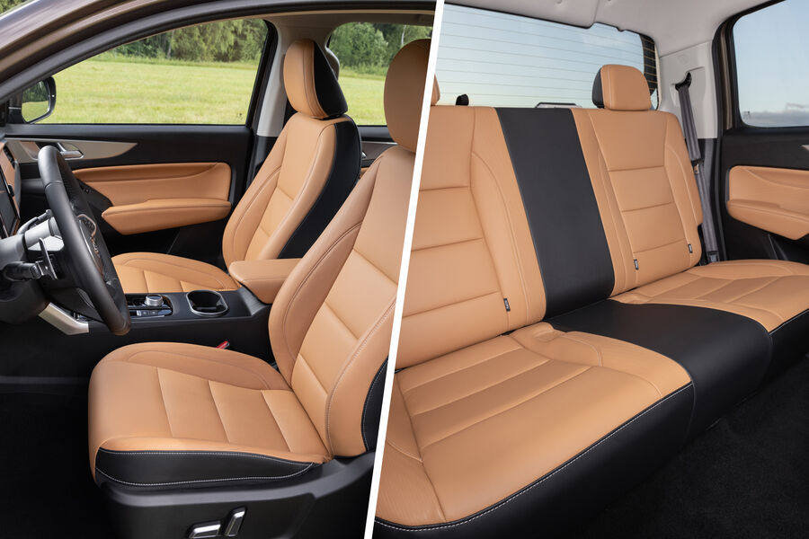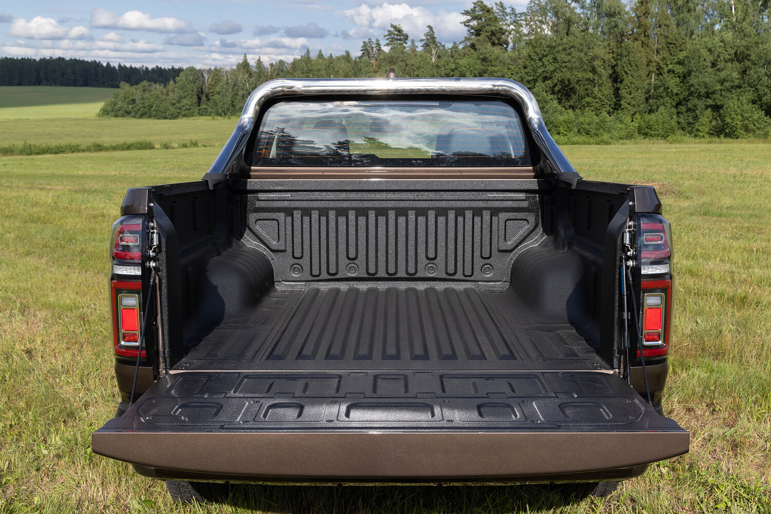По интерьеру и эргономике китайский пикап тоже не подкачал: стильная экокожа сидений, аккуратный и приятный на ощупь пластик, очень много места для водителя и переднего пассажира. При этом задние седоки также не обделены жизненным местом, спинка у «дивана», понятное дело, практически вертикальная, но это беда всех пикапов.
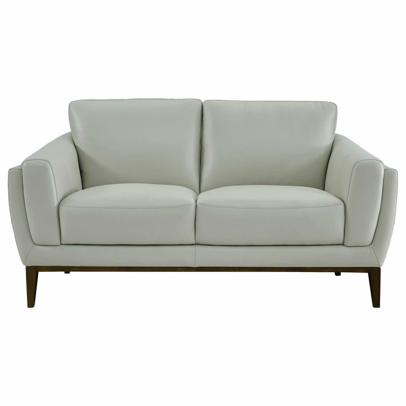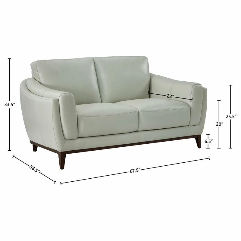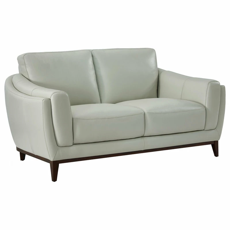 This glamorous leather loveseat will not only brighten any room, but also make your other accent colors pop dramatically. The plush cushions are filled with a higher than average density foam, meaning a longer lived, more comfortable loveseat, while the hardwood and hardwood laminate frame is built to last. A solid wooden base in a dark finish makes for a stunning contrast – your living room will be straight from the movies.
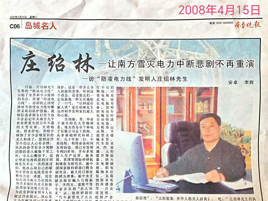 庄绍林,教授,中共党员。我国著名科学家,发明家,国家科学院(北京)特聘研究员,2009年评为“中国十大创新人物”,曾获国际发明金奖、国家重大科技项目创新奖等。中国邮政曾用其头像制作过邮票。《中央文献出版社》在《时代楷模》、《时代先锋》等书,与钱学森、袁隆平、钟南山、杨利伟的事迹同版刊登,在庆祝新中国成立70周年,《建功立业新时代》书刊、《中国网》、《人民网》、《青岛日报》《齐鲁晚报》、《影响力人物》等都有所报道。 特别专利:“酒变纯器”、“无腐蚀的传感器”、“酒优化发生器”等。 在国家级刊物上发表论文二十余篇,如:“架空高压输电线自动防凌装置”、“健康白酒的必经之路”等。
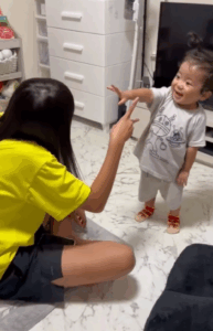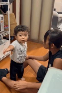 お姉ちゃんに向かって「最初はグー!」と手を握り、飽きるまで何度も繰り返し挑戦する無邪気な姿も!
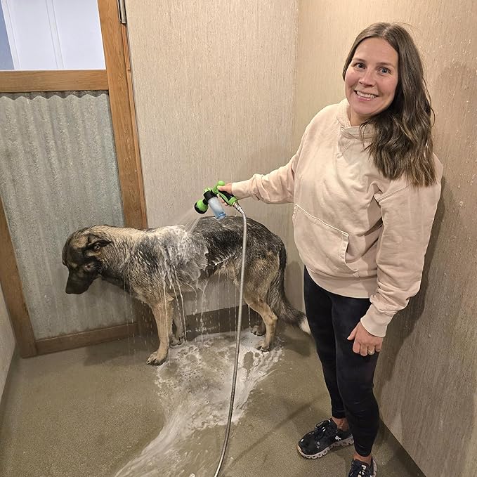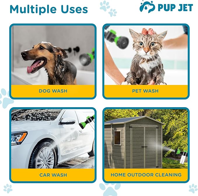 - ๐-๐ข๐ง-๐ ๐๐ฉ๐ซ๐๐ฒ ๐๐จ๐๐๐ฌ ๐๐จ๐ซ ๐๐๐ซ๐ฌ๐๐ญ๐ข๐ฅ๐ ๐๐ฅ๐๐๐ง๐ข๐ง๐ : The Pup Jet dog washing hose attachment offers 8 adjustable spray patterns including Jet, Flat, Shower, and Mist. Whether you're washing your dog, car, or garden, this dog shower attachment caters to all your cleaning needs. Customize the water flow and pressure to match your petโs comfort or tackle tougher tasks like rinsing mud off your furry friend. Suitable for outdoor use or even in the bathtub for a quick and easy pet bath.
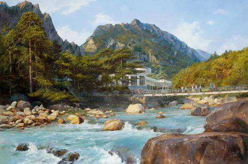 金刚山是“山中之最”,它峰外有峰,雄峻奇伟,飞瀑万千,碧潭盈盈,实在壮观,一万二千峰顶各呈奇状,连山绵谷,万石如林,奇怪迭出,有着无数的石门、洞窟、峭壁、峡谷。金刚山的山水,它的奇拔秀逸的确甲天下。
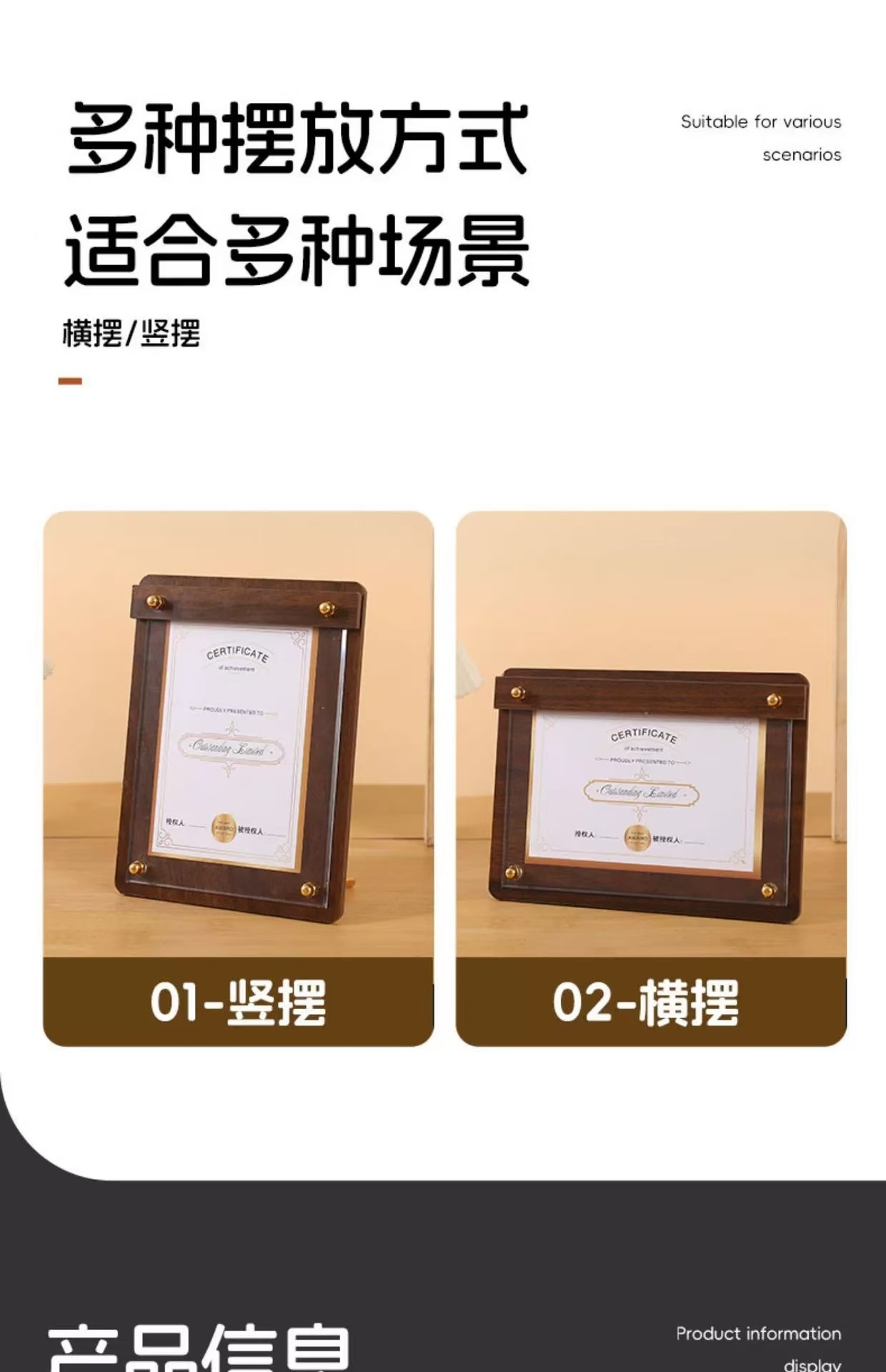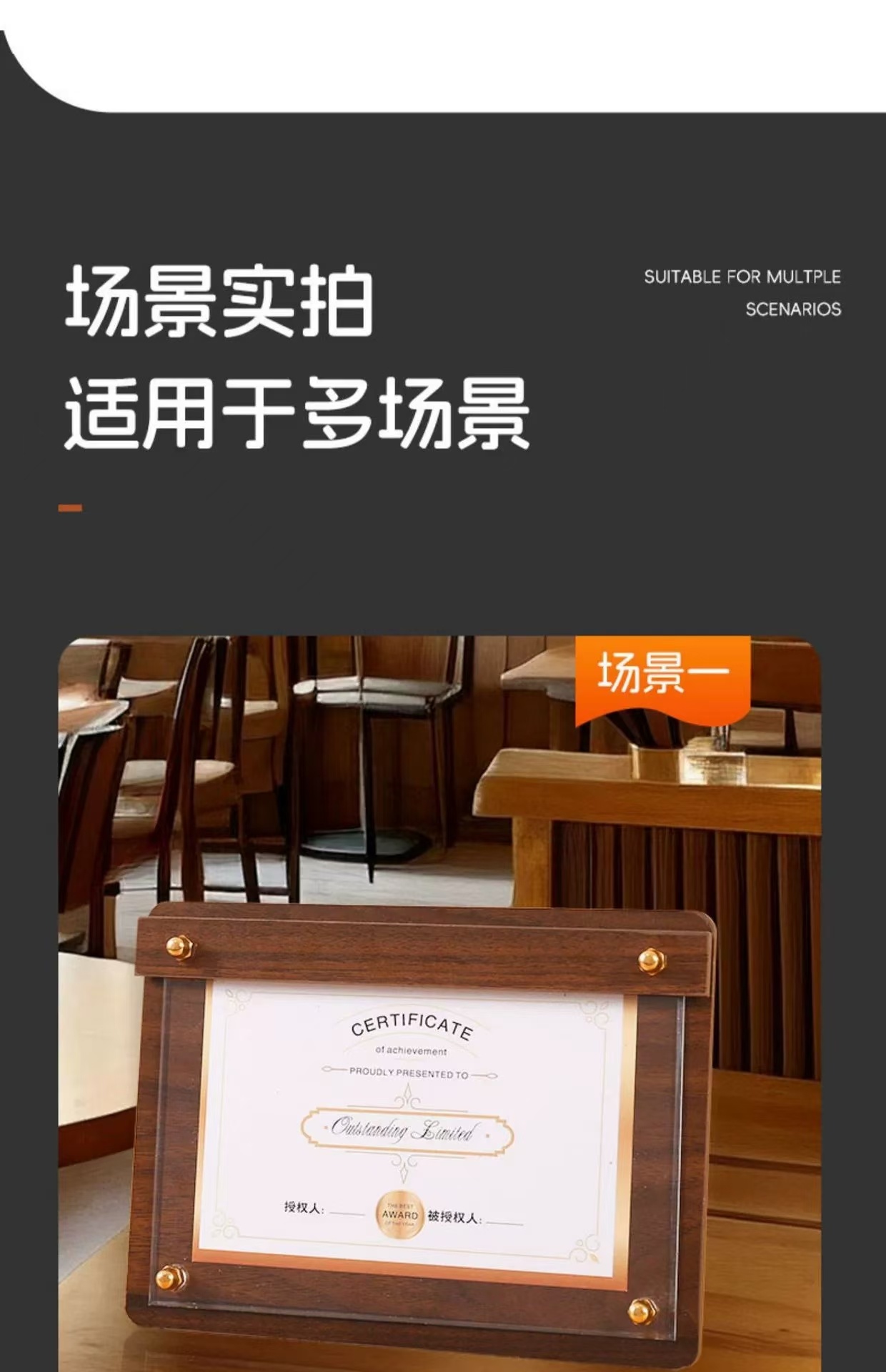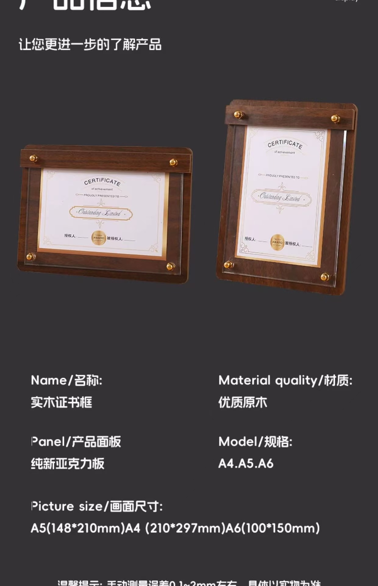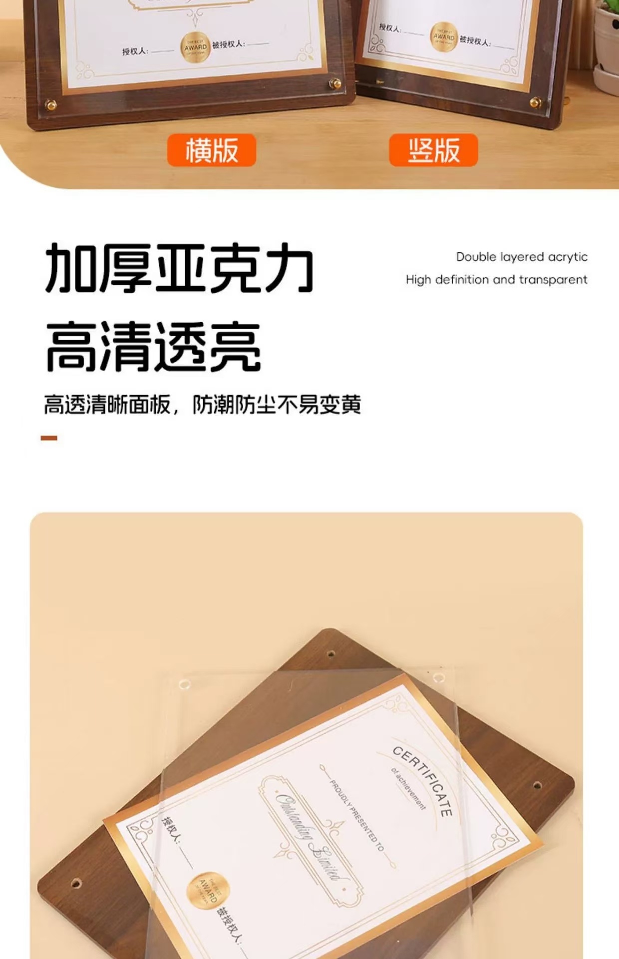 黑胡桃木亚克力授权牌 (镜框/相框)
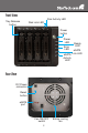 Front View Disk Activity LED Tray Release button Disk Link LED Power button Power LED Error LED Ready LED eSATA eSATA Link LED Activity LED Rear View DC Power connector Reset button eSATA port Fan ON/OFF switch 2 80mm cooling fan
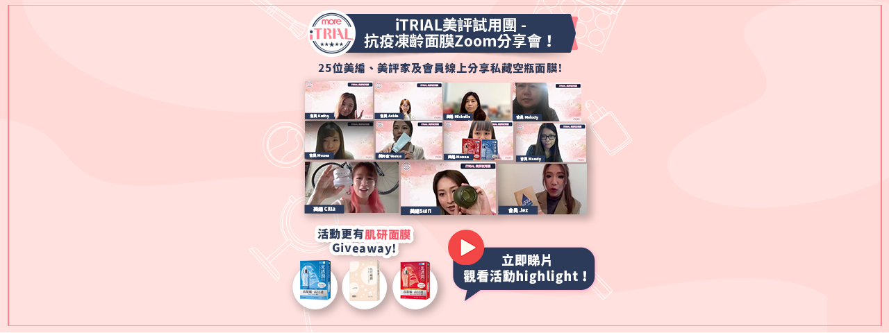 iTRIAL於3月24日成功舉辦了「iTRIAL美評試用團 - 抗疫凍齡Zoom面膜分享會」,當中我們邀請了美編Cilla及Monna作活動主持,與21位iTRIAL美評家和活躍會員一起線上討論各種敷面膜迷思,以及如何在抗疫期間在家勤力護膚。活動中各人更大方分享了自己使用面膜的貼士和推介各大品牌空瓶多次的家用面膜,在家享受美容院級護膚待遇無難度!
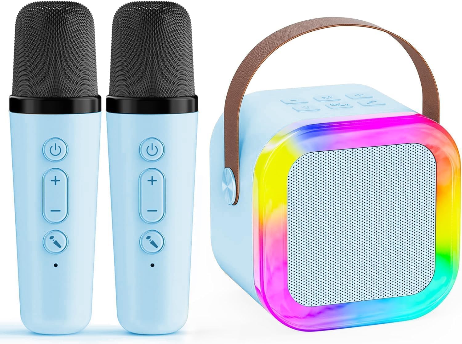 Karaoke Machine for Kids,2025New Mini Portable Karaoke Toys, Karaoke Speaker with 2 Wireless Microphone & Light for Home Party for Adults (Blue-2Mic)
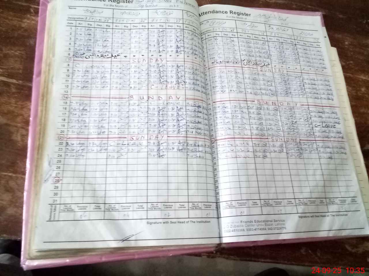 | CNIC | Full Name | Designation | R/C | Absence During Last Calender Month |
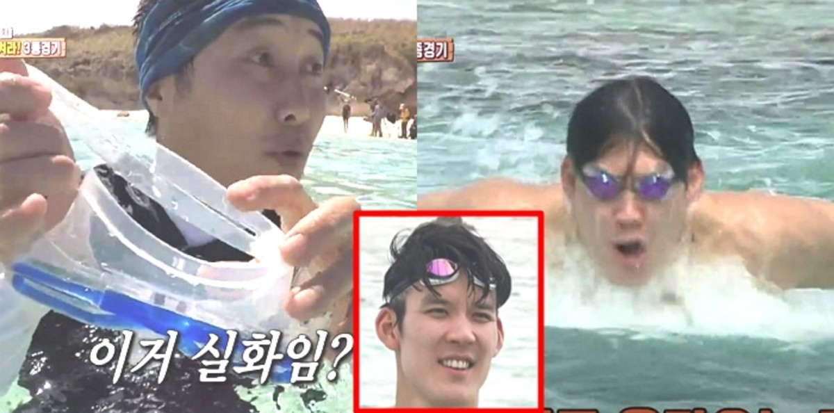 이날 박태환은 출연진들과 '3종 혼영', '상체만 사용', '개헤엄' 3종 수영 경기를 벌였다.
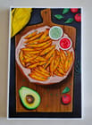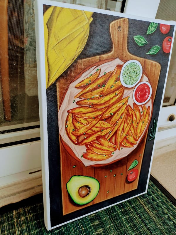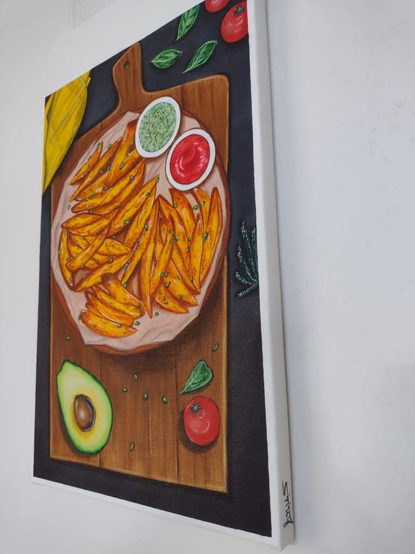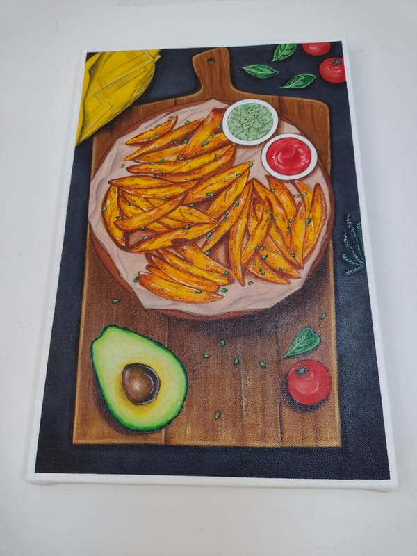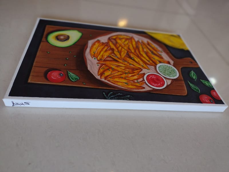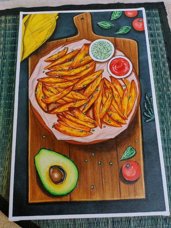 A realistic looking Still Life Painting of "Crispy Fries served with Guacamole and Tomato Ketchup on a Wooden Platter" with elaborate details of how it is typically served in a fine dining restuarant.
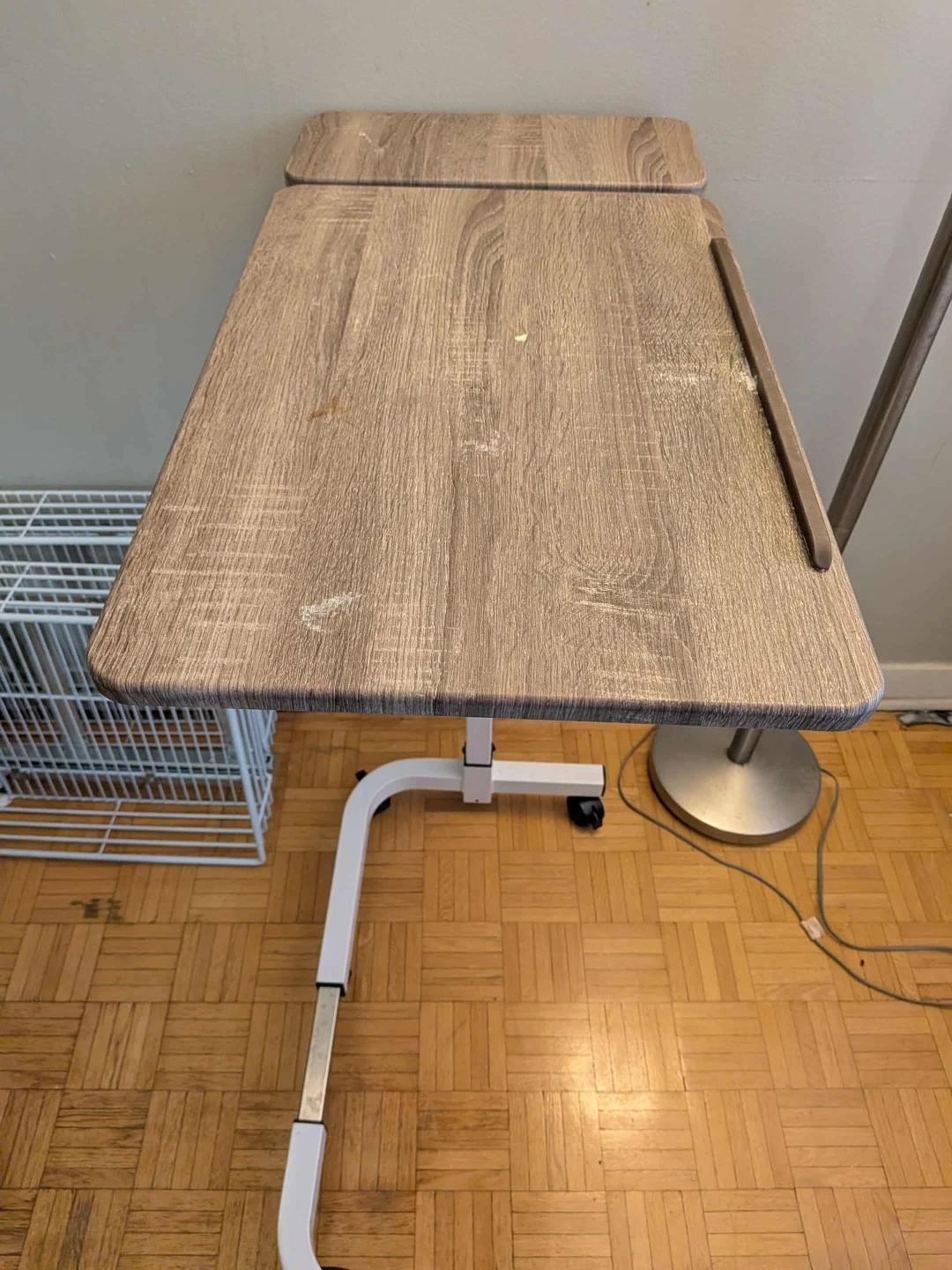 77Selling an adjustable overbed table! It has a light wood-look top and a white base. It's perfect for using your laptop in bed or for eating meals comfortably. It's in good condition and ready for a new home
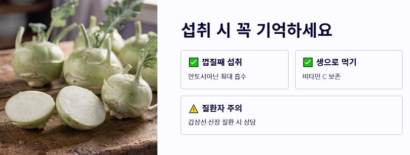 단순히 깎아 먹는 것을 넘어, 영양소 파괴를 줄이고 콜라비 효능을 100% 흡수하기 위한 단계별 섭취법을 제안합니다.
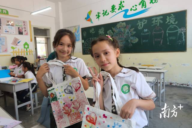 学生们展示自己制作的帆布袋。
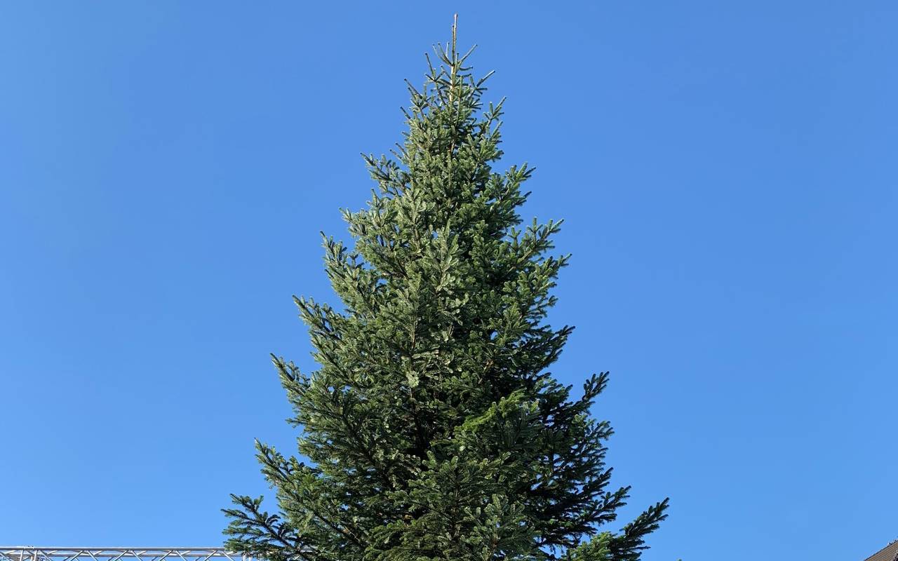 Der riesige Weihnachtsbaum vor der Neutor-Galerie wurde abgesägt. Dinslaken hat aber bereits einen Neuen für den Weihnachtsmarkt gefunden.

### INSTRUCTIONS FOR THE TASK
From the data above, retype only the lines starting with the line with "Karaoke Machine for" and going on through the line with "이날 박태환은 출연진들과", exactly, leaving out the pictures.

### TASK RESPONSE
 Karaoke Machine for Kids,2025New Mini Portable Karaoke Toys, Karaoke Speaker with 2 Wireless Microphone & Light for Home Party for Adults (Blue-2Mic)
 | CNIC | Full Name | Designation | R/C | Absence During Last Calender Month |
 이날 박태환은 출연진들과 '3종 혼영', '상체만 사용', '개헤엄' 3종 수영 경기를 벌였다.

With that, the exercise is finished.